● Task details
Write out the records that follow with every word intact.

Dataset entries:
====

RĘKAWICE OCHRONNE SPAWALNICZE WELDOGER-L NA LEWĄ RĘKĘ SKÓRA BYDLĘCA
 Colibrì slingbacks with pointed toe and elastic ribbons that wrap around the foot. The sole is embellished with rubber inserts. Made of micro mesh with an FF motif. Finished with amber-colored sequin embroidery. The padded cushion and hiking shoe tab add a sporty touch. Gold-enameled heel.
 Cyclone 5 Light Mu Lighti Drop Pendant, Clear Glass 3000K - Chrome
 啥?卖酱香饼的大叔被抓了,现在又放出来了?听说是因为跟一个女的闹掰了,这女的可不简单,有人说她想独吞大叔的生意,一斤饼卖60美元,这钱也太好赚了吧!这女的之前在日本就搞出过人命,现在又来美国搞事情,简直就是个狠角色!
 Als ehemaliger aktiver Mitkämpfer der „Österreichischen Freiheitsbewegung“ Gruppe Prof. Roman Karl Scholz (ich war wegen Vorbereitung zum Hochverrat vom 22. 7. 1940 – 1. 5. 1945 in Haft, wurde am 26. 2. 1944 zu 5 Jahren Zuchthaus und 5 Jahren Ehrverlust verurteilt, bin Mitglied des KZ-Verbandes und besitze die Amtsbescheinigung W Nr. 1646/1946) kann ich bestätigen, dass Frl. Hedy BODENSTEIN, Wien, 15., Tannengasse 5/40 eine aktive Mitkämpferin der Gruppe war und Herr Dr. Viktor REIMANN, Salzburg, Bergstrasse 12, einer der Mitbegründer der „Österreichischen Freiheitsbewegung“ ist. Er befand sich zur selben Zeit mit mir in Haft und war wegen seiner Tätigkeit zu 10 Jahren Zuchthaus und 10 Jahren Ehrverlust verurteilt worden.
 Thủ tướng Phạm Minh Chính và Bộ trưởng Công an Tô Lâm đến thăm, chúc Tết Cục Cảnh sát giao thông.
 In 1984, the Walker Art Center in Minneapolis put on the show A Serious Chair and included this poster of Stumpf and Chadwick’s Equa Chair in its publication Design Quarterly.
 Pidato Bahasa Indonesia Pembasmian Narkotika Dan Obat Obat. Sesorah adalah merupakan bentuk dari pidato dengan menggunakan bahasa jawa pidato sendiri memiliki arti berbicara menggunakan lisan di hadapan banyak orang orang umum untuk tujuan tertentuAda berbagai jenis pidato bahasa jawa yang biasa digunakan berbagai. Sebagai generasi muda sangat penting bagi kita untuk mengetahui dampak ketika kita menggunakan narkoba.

====

● Solution to the problem
RĘKAWICE OCHRONNE SPAWALNICZE WELDOGER-L NA LEWĄ RĘKĘ SKÓRA BYDLĘCA
 Colibrì slingbacks with pointed toe and elastic ribbons that wrap around the foot. The sole is embellished with rubber inserts. Made of micro mesh with an FF motif. Finished with amber-colored sequin embroidery. The padded cushion and hiking shoe tab add a sporty touch. Gold-enameled heel.
 Cyclone 5 Light Mu Lighti Drop Pendant, Clear Glass 3000K - Chrome
 啥?卖酱香饼的大叔被抓了,现在又放出来了?听说是因为跟一个女的闹掰了,这女的可不简单,有人说她想独吞大叔的生意,一斤饼卖60美元,这钱也太好赚了吧!这女的之前在日本就搞出过人命,现在又来美国搞事情,简直就是个狠角色!
 Als ehemaliger aktiver Mitkämpfer der „Österreichischen Freiheitsbewegung“ Gruppe Prof. Roman Karl Scholz (ich war wegen Vorbereitung zum Hochverrat vom 22. 7. 1940 – 1. 5. 1945 in Haft, wurde am 26. 2. 1944 zu 5 Jahren Zuchthaus und 5 Jahren Ehrverlust verurteilt, bin Mitglied des KZ-Verbandes und besitze die Amtsbescheinigung W Nr. 1646/1946) kann ich bestätigen, dass Frl. Hedy BODENSTEIN, Wien, 15., Tannengasse 5/40 eine aktive Mitkämpferin der Gruppe war und Herr Dr. Viktor REIMANN, Salzburg, Bergstrasse 12, einer der Mitbegründer der „Österreichischen Freiheitsbewegung“ ist. Er befand sich zur selben Zeit mit mir in Haft und war wegen seiner Tätigkeit zu 10 Jahren Zuchthaus und 10 Jahren Ehrverlust verurteilt worden.
 Thủ tướng Phạm Minh Chính và Bộ trưởng Công an Tô Lâm đến thăm, chúc Tết Cục Cảnh sát giao thông.
 In 1984, the Walker Art Center in Minneapolis put on the show A Serious Chair and included this poster of Stumpf and Chadwick’s Equa Chair in its publication Design Quarterly.
 Pidato Bahasa Indonesia Pembasmian Narkotika Dan Obat Obat. Sesorah adalah merupakan bentuk dari pidato dengan menggunakan bahasa jawa pidato sendiri memiliki arti berbicara menggunakan lisan di hadapan banyak orang orang umum untuk tujuan tertentuAda berbagai jenis pidato bahasa jawa yang biasa digunakan berbagai. Sebagai generasi muda sangat penting bagi kita untuk mengetahui dampak ketika kita menggunakan narkoba.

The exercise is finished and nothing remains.